Complete Offline Operation
Run AI models entirely on your local hardware without internet dependency
Easy Model Management
Simple commands to pull, run, and manage different AI models
Privacy Focused
Your data never leaves your machine, ensuring complete privacy
Getting Started
Installation
- Download Ollama from ollama.com
- Install for your operating system (Windows, macOS, Linux)
- Verify installation by running
ollama --version - Pull your first model using
ollama pull model-name
System Requirements
- Minimum: 8GB RAM, 10GB storage
- Recommended: 16GB+ RAM, 20GB+ storage, GPU support
- Optimal: 32GB+ RAM, dedicated GPU with 8GB+ VRAM
- Supported GPUs: NVIDIA, AMD, Apple Silicon
Available Models
Llama 2
- Variants: 7B, 13B, 70B parameters
- Use Cases: General purpose, chat
- RAM Required: 4GB - 40GB
- License: Commercial-friendly
Mistral
- Variants: 7B, 8x7B (Mixtral)
- Use Cases: Efficient reasoning
- RAM Required: 4GB - 30GB
- License: Apache 2.0
Code Llama
- Variants: 7B, 13B, 34B
- Use Cases: Code generation
- RAM Required: 4GB - 40GB
- License: Custom commercial
Basic Usage
Command Line Interface
# Pull a model (downloads to local storage)
ollama pull llama2
ollama pull mistral
ollama pull codellama
# Run a model interactively
ollama run llama2
# This starts an interactive chat session
# Run with specific prompt
ollama run llama2 "Explain quantum computing"
# List downloaded models
ollama list
# Remove a model
ollama rm llama2
# Show model information
ollama show llama2
# Create custom model from Modelfile
ollama create my-model -f ./Modelfile
# Run with GPU acceleration (if available)

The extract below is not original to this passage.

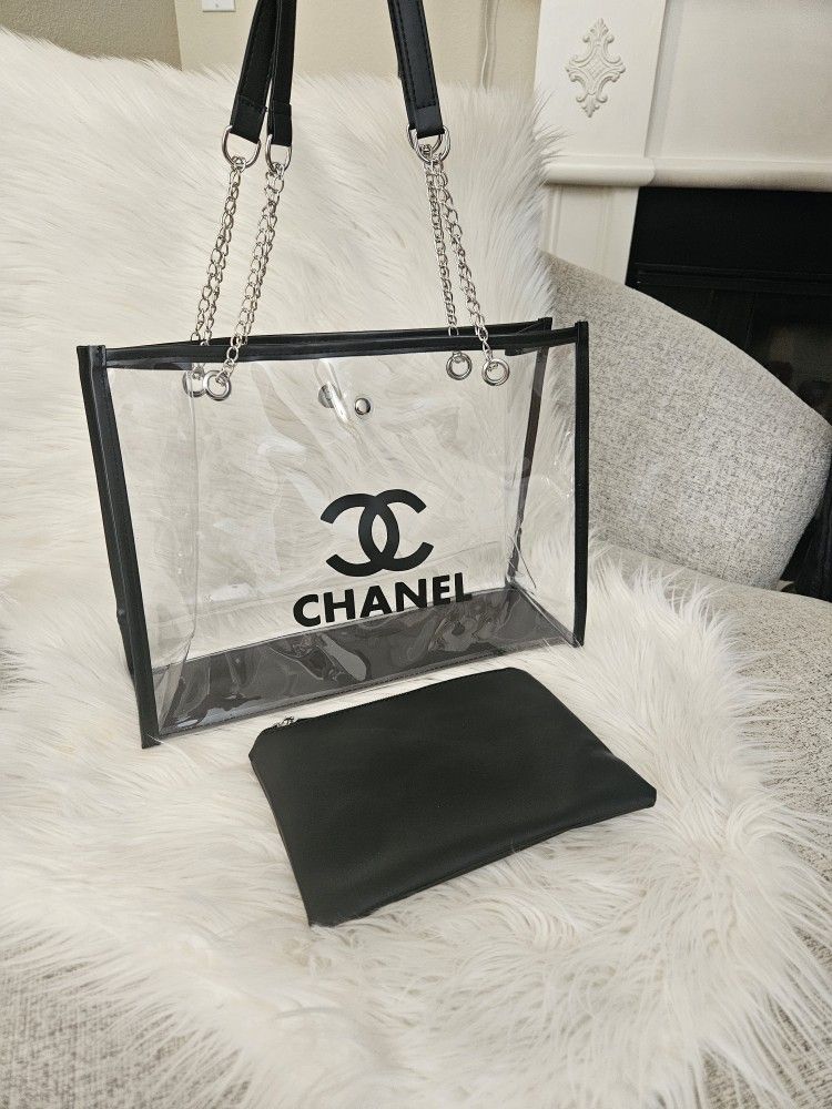 New 2 pieces >Cosmetic Pouch Faux leather material Zipper closure Pls.see pictures for measurements >Transparent Tote Thick PVC plastic material Has faux leather and silver chain handles Snap closure Pls.see pictures for measurements ALL OFFERS ARE WELCOME

OLLAMA_GPU=1 ollama run llama2
API Usage
# Ollama provides a REST API on port 11434
# Generate completion via API
curl -X POST http://localhost:11434/api/generate -d '{
"model": "llama2",
"prompt": "Why is the sky blue?",
"stream": false
}'
# Chat completion
curl -X POST http://localhost:11434/api/chat -d '{
"model": "llama2",
"messages": [
{
"role": "user",
"content": "Hello, how are you?"
}
],
"stream": false
}'
# List models via API
curl http://localhost:11434/api/tags
# Show model info
curl http://localhost:11434/api/show -d '{
"name": "llama2"
}'
Python Integration
# Using Ollama with Python
import requests
import json
class OllamaClient:
def __init__(self, base_url="http://localhost:11434"):
self.base_url = base_url
def generate(self, prompt, model="llama2", stream=False):
payload = {
"model": model,
"prompt": prompt,
"stream": stream
}
response = requests.post(
f"{self.base_url}/api/generate",
json=payload,
stream=stream
)
if stream:
return self._handle_stream(response)
else:
return response.json()["response"]
def chat(self, messages, model="llama2", stream=False):
payload = {
"model": model,
"messages": messages,
"stream": stream
}
response = requests.post(
f"{self.base_url}/api/chat",
json=payload,
stream=stream
)
if stream:
return self._handle_chat_stream(response)
else:
return response.json()["message"]["content"]
def _handle_stream(self, response):
for line in response.iter_lines():
if line:
data = json.loads(line)
if "response" in data:
yield data["response"]
if data.get("done", False):
break
def _handle_chat_stream(self, response):
for line in response.iter_lines():
if line:
data = json.loads(line)
if "message" in data:
yield data["message"]["content"]
if data.get("done", False):
break
# Example usage
client = OllamaClient()
# Simple generation
response = client.generate("Explain machine learning")
print(response)
# Chat conversation
messages = [
{"role": "user", "content": "Hello, introduce yourself"}
]
response = client.chat(messages)
print(response)
# Streaming response
print("Streaming response:")
for chunk in client.generate("Tell me a story", stream=True):
print(chunk, end="", flush=True)
Custom Model Configuration
Creating Modelfiles
# Modelfile for custom model configuration
# Base model to build upon
FROM llama2
# System prompt template
{% raw %}
TEMPLATE """[INST] <>
You are a helpful, respectful, and honest assistant.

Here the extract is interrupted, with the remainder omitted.